Reproduce every line of the material below, but drop the pictures.

> **Supplied data**:
--
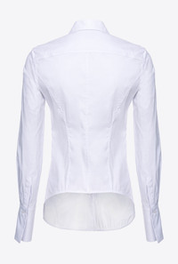 Shirt in stretch cotton poplin fabric with a fitted waist. Classic collar, long sleeves with buttoned cuffs, and embroidered logo detail on the front. Front button fastening. COMPOSITION Outside Fabric: COTTON 77% POLYAMIDE 20% POLYAMMIDE 20% ELASTANE 3%
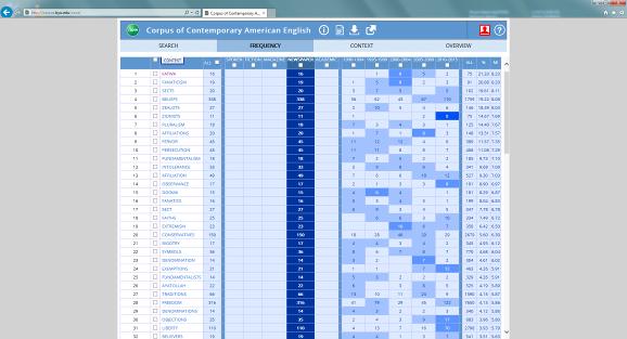 Frequency is an important concept in linguistics (Linquist, H., 2009). The number of examined words appearing in a corpus are their ‘raw frequency’, which presents no problems with corpora of equal size. However, most corpora are not of an equal size, so what’s compared are normalized frequencies per thousand or million words, which necessitated comparing the main corpora and sub-corpora of BNC and COCA.
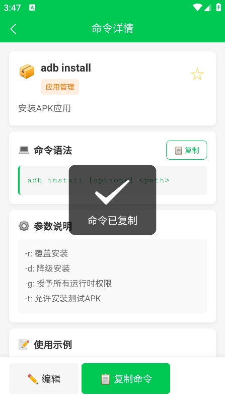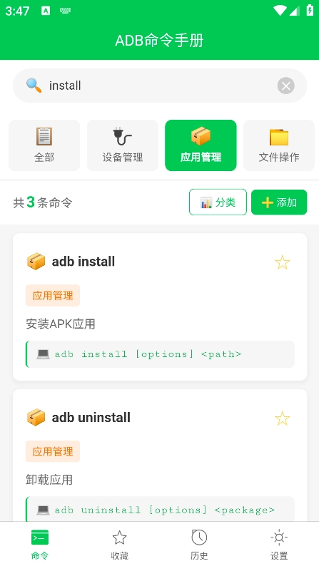 比如搜索“安装APK”相关命令,进入“应用管理”分类页面,定位到“adb install”条目后点击查看具体信息。
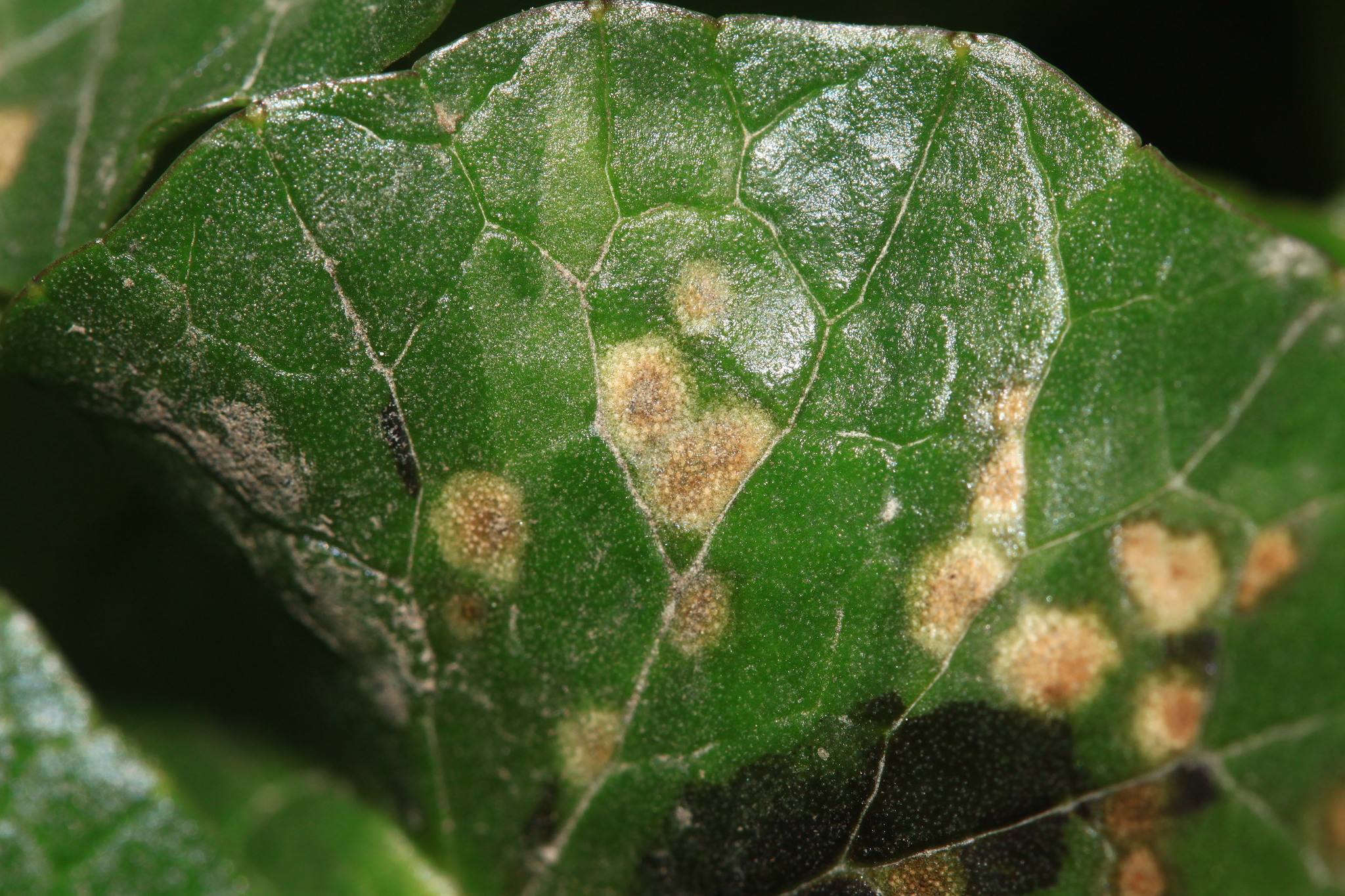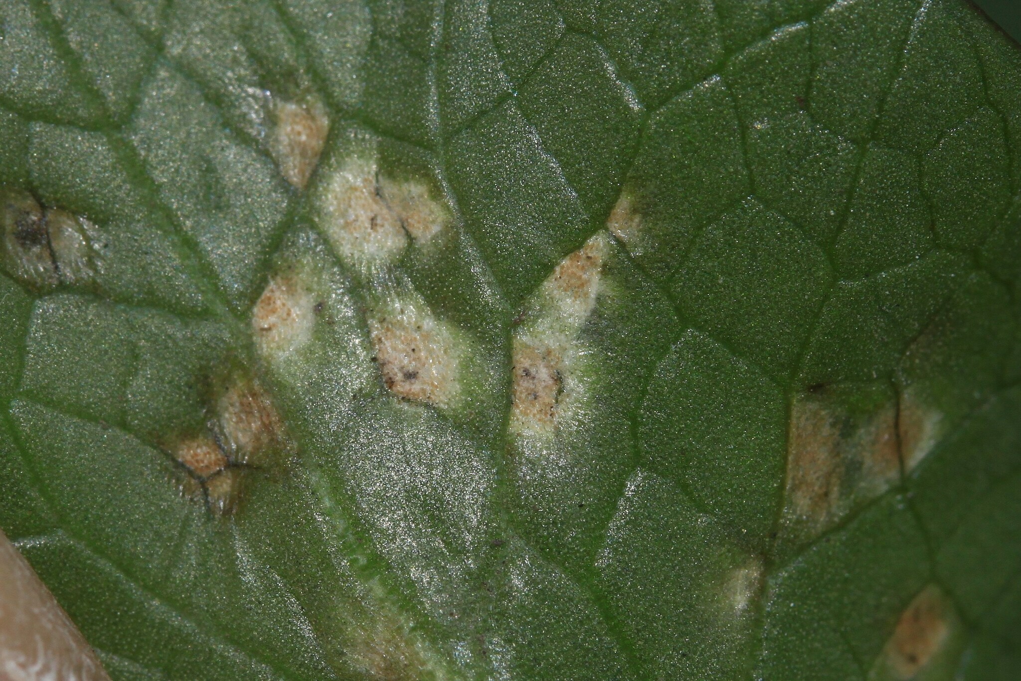 Fruchtkörper: Sporenmasse in 2—5 mm breiten, kreisrunden, flachen, zuerst reinweissen, später gelblichen oder bräunlichen Flecken, die oft in grosser Anzahl auf den Blättern der befallenen Pflanzen nebeneinander auftreten und zuerst von flachen Rasen büschelig vortretender Conidienträger bedeckt sind.
--
> **Solution to this problem**:
 Shirt in stretch cotton poplin fabric with a fitted waist. Classic collar, long sleeves with buttoned cuffs, and embroidered logo detail on the front. Front button fastening. COMPOSITION Outside Fabric: COTTON 77% POLYAMIDE 20% POLYAMMIDE 20% ELASTANE 3%
 Frequency is an important concept in linguistics (Linquist, H., 2009). The number of examined words appearing in a corpus are their ‘raw frequency’, which presents no problems with corpora of equal size. However, most corpora are not of an equal size, so what’s compared are normalized frequencies per thousand or million words, which necessitated comparing the main corpora and sub-corpora of BNC and COCA.
 比如搜索“安装APK”相关命令,进入“应用管理”分类页面,定位到“adb install”条目后点击查看具体信息。
 Fruchtkörper: Sporenmasse in 2—5 mm breiten, kreisrunden, flachen, zuerst reinweissen, später gelblichen oder bräunlichen Flecken, die oft in grosser Anzahl auf den Blättern der befallenen Pflanzen nebeneinander auftreten und zuerst von flachen Rasen büschelig vortretender Conidienträger bedeckt sind.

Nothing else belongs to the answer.